Utang Rp5,4 Triliun: Kegagalan Cool Japan Fund Jadi Pelajaran bagi Diplomasi Budaya
Baca dalam 60 detik
- Cool Japan Fund mencatat akumulasi utang 54 miliar yen per Maret 2026, mendorong pemerintah Jepang mempertimbangkan pembubaran lembaga tersebut.
- Dari 83 proyek senilai 204 miliar yen, hampir seluruhnya merugi karena persaingan ketat di industri konten global, terutama layanan streaming.
- Kegagalan ini menyoroti risiko intervensi pemerintah dalam industri kreatif, relevan bagi Indonesia yang tengah mengembangkan ekosistem budaya dan ekonomi kreatif.

Cool Japan Fund Inc., lembaga investasi publik-swasta di bawah Kementerian Ekonomi, Perdagangan, dan Industri Jepang, mencatat akumulasi utang sebesar 54 miliar yen (sekitar Rp5,4 triliun) hingga akhir tahun fiskal 2025. Angka tersebut memicu rencana pemerintah untuk membubarkan atau merestrukturisasi lembaga yang didirikan pada era Perdana Menteri Shinzo Abe ini.

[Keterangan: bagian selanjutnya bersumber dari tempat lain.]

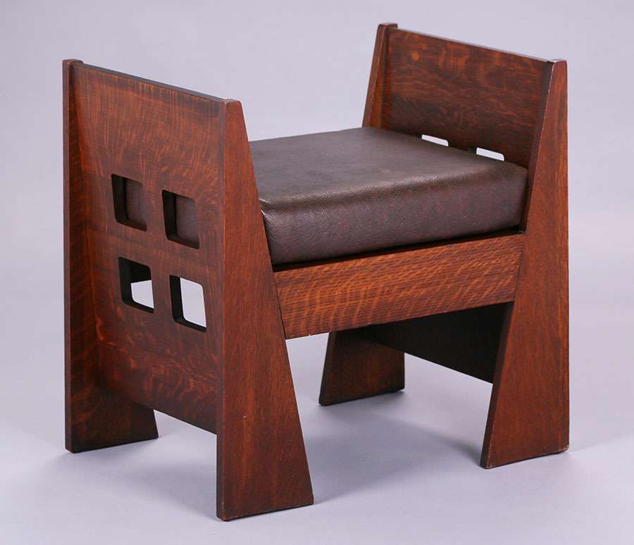 Limbert cutout window seat. Signed with branded mark. Excellent original finish. The cleanest original finish example of this form we have ever seen. 24"h x 24"w x 18"d SOLD
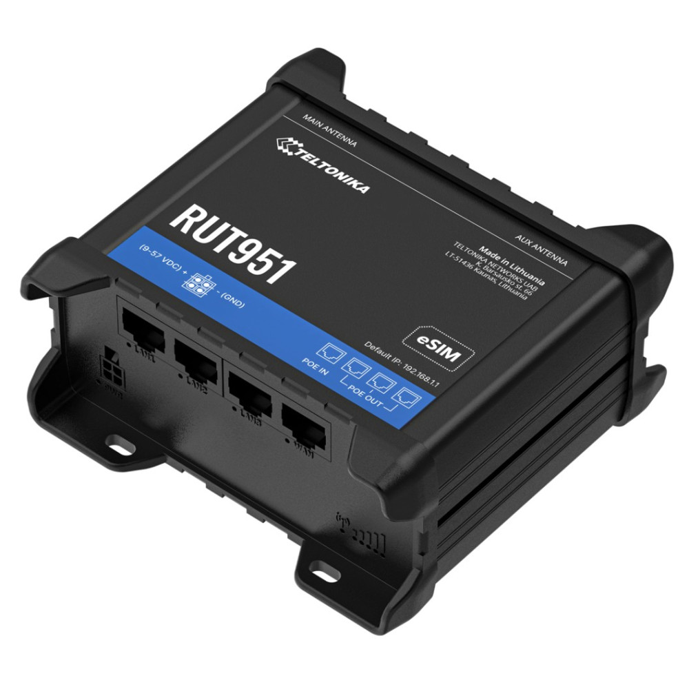 Teltonika RUT951PoE+ Industrial PoE+ 4G Cellular Router, 4 Fast Ethernet, Wi-Fi, Digital I/O
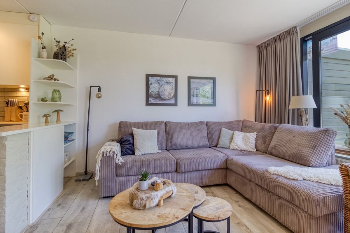 Via de entree komt u in de hal met meterkast en ruimte voor de garderobe. Vanuit de hal is er toegang tot de badkamer, een apart toilet met fonteintje en de woonkamer. De badkamer is voorzien van douche en wastafel. De woonkamer met zit- en eethoek heeft een schuifdeur naar het terras en staat in open verbinding met de keuken. De keuken is voorzien van; 4-pits gaskookplaat, afzuigkap, spoelbak, koelkast met vriesvak en vaatwasmachine. Naast de keuken bevindt zich de bijkeuken met magnetron, oven, wasmachine, droger, extra koelkast en ruimte voor het opbergen van huishoudelijke spullen.
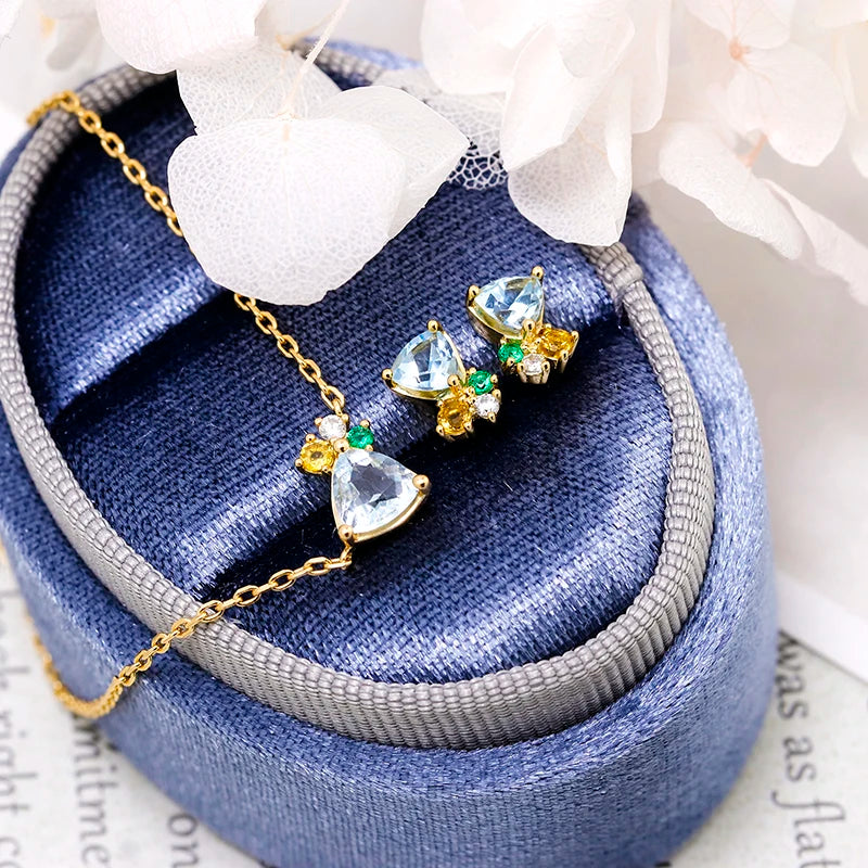 925 Sterling Silver 14K Gold Plated Gemstone Geometric Triangular Star Cz Zircon Topaz Citrine Simulate Emerald Stud Earrings
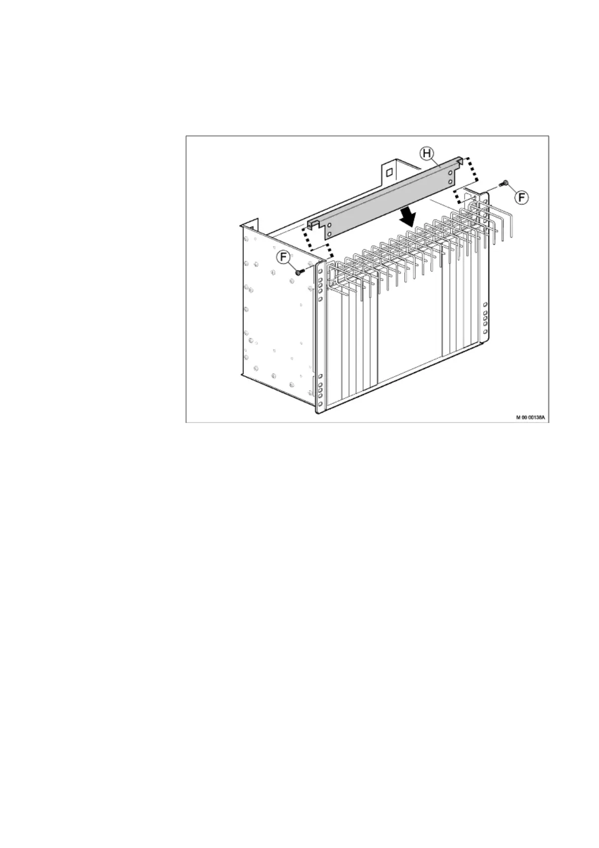 3. Fasten the front air plate to the subrack by using two screws (F).
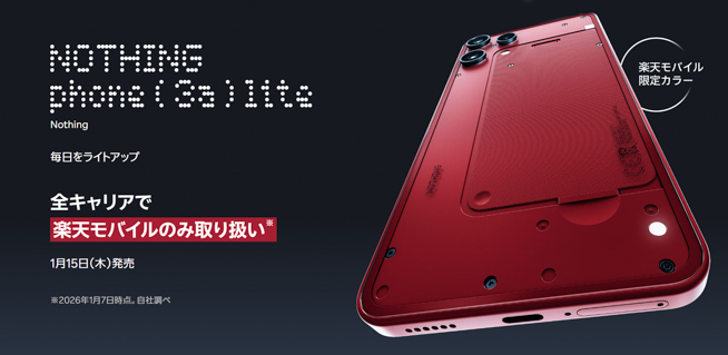 2026年1月7日、Nothingは新型スマートフォン「Nothing Phone (3a) Lite」を日本向けに発表しました。
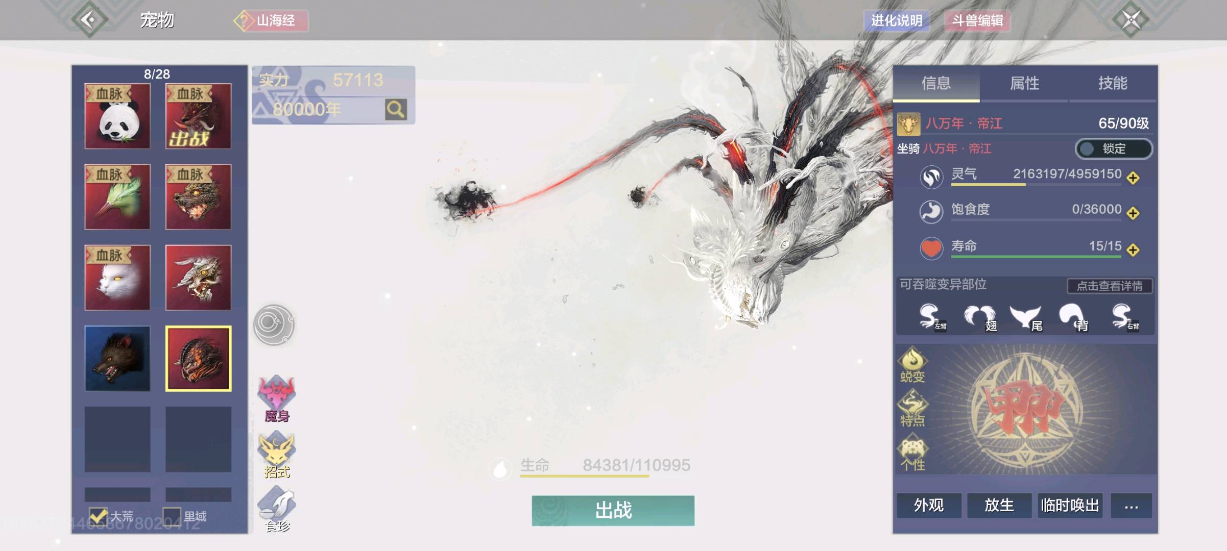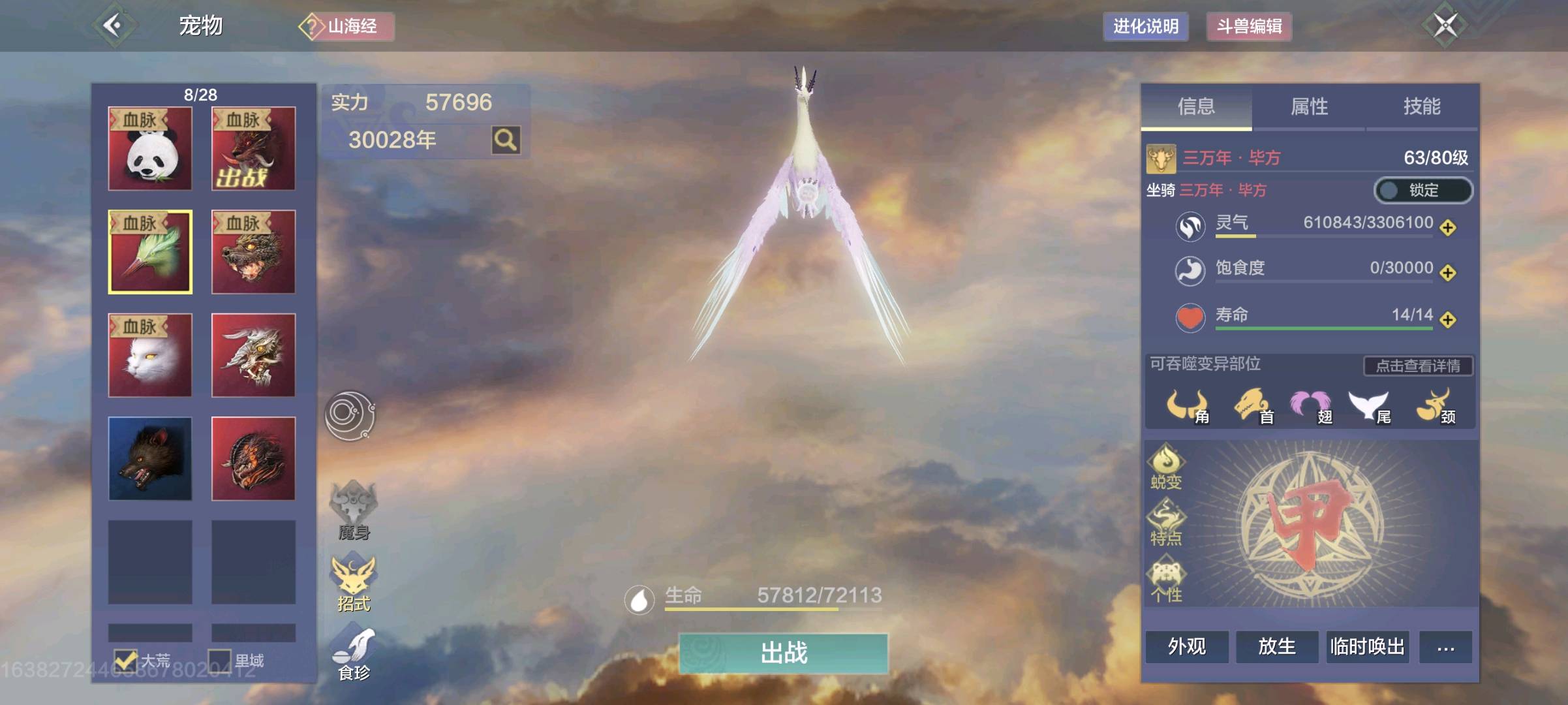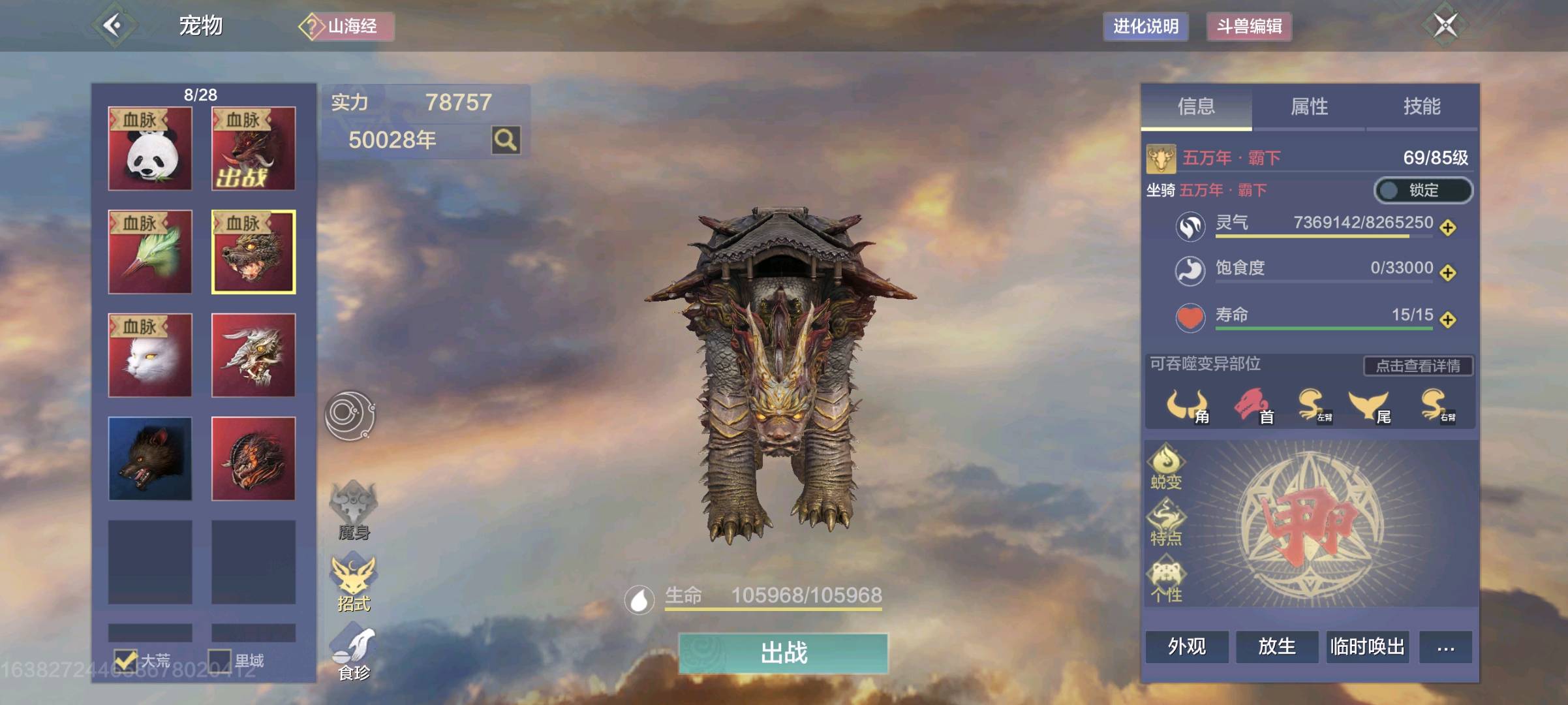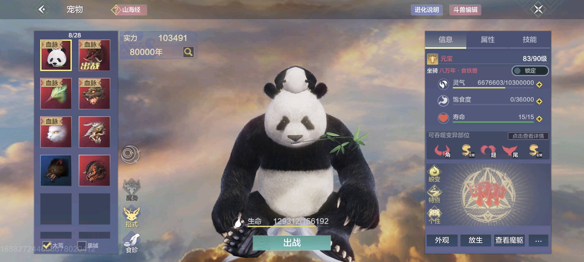 是一个玩了很久的号了,10万战力熊猫,有多个5万年宠物。战力11万
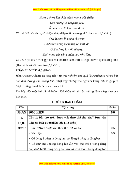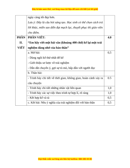 Em hãy viết một bài văn (khoảng 400 chữ) kể lại một trải nghiệm đáng nhớ của bản thân. HƯỚNG DẪN CHẤM Câu Nội dung Điểm PHẦN ĐỌC HIỂU 6,0 I.

Dibentuk pada 2013 sebagai bagian dari strategi pertumbuhan Jepang, Cool Japan Fund bertujuan mempromosikan budaya Jepang ke pasar global—mencakup anime, televisi, kuliner, mode, dan pariwisata. Namun, dari total investasi 204 miliar yen yang disalurkan ke 83 proyek, hampir setiap tahun lembaga ini membukukan kerugian. Salah satu contoh paling mencolok adalah investasi 1 miliar yen di Anime Consortium Japan Inc., yang gagal bersaing dengan platform streaming global dan harus keluar dari bisnis tersebut setelah hanya 2,5 tahun.
Kegagalan ini memunculkan pertanyaan mendasar tentang efektivitas dana publik-swasta dalam mendorong industri kreatif. Menurut pengamat kebijakan publik, model investasi semacam itu rentan terhadap distorsi karena tekanan politik dan kurangnya ketajaman bisnis. Di sisi lain, Perdana Menteri Sanae Takaichi justru menggenjot investasi pemerintah di sektor konten—yang termasuk dalam 17 area strategis nasional—tanpa evaluasi menyeluruh atas kegagalan sebelumnya.
Kritik juga mengarah pada orientasi pemerintah yang terlalu fokus pada nilai ekonomi budaya, mengabaikan aspek pelestarian dan pengembangan sumber daya manusia. Misalnya, museum nasional dan Teater Nasional Tokyo justru mengalami pemotongan anggaran, sementara dana besar dialokasikan untuk ekspansi komersial anime dan manga. Teater Nasional bahkan masih tutup hingga kini, menyebabkan terputusnya transfer keahlian staf selama lebih dari satu dekade.
Bagi Indonesia, kasus Cool Japan Fund menjadi pelajaran berharga. Pemerintah Indonesia tengah gencar mengembangkan ekonomi kreatif melalui berbagai insentif dan badan pengelola, seperti Badan Ekonomi Kreatif (Bekraf) yang kini berada di bawah Kementerian Pariwisata dan Ekonomi Kreatif. Tanpa evaluasi ketat dan mekanisme bisnis yang sehat, risiko pemborosan anggaran serupa bisa terulang. Apalagi, persaingan global di industri konten digital semakin ketat, dengan platform seperti Netflix, YouTube, dan Spotify mendominasi.
Pemerintah Jepang kini dihadapkan pada pilihan sulit: membubarkan Cool Japan Fund dan mengakui kegagalan, atau merombak total strategi diplomasi budayanya. Langkah ke depan akan menentukan apakah budaya Jepang mampu bertahan sebagai aset non-ekonomi yang justru menjadi fondasi kreativitas, atau sekadar komoditas yang terjerat utang.